Химера, дитя Феникса (СИ) - Кузиев Эд. Страница 41

— Гавр! Готово всё? Щас мы курдюки вскроем и идём, — радостно, оттого что дело идёт к концу, произнёс невысокий муж в жёлтом жупане и в широких штанах. Схватив зубами пробку, потянул в сторону, а опомнившись, стал сплевывать. — Мать его ети, забыл, что потрава тут. Как бы не окочуриться.

Марук вышел из тени и развернул серпы.

— За богохульство на Мать Сыру Землю есть лишь одно наказание. Я, Септорий Меры, Мардук Тёмный, назначают тебе виру, размером в жизнь. Исполнение оставляю за собой.

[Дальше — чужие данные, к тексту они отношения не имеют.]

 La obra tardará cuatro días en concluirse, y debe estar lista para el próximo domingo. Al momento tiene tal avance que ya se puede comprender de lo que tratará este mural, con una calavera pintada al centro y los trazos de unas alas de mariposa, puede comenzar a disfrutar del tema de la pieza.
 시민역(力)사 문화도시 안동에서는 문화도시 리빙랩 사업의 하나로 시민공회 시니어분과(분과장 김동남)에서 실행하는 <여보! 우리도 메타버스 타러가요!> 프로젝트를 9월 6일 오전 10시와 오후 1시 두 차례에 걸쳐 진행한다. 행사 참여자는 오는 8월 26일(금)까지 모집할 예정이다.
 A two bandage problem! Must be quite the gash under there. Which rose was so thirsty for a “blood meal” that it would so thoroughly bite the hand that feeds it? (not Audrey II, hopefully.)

Травители оторопели от неожиданности и замерли столбами. Палач быстро преодолел расстояние и одним ударом снёс голову приговорённому. Второй уронил курдюк, из которого начала выливаться потрава с резким горьким запахом. Упав на колени, принялся молить о пощаде. Подтянувшись за край навеса, Я спрыгнул неловко, подвернув лодыжки, прихрамывая дошёл до Тёмного.

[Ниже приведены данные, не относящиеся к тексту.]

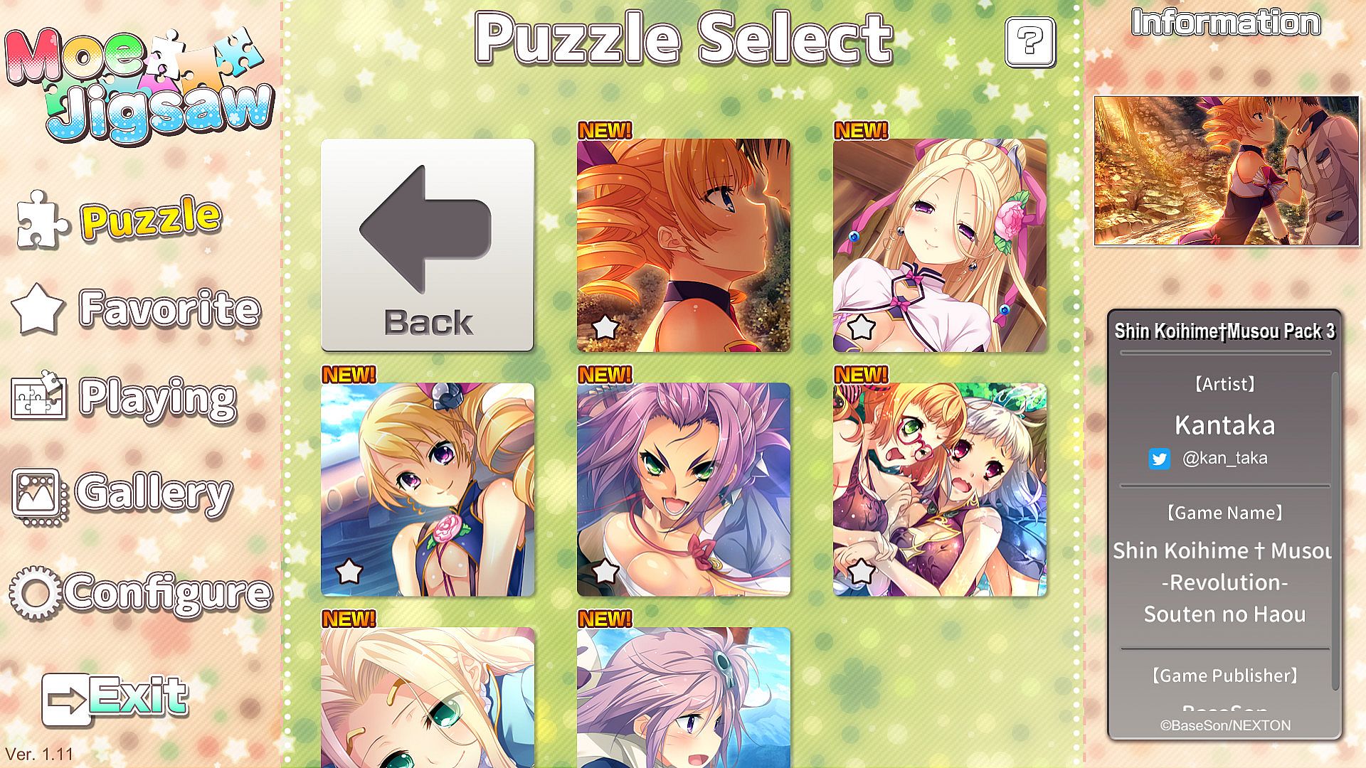 Before you start looking for a cheap Moe Jigsaw - Shin Koihime†Musou vol.3 Pack CD Key, take a moment to check the essentials. Developed by ARES Inc.. Published by ARES Inc.. PC released date: 20 Sep 2018. Genres: Indie, Casual. Categories: Family Sharing, Single-player, Downloadable Content, Steam Cloud.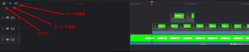 左側のアイコンONでメディアプールからタイムラインへクリップを入れるとビデオのみ入る。

— Заставили меня, не хотел, Матерью клянусь и Отцом. Смилуйся, назначь виру любую, но оставь жизнь. Пожалуйте… — закрыв руками лицо, зашёлся в плаче единственный выживший.

Марук резко махнул серпом, сбивая кровь с лезвия, мелкие капли разлетелись, пачкая лицо и одежду лиходея.

— Оружие какое есть? — спросил Септ.

— Нож маленький, порезать чего или смастерить из дерева. Вот он, возьмите.

— Брось на землю, Бос подыми. Какой сигнал должны были получить люди Кривого?

— Клёста свист, тот, что щёлкает промеж песни своей. Трижды, ежели всё случилось, дважды, если сделали не всю работу.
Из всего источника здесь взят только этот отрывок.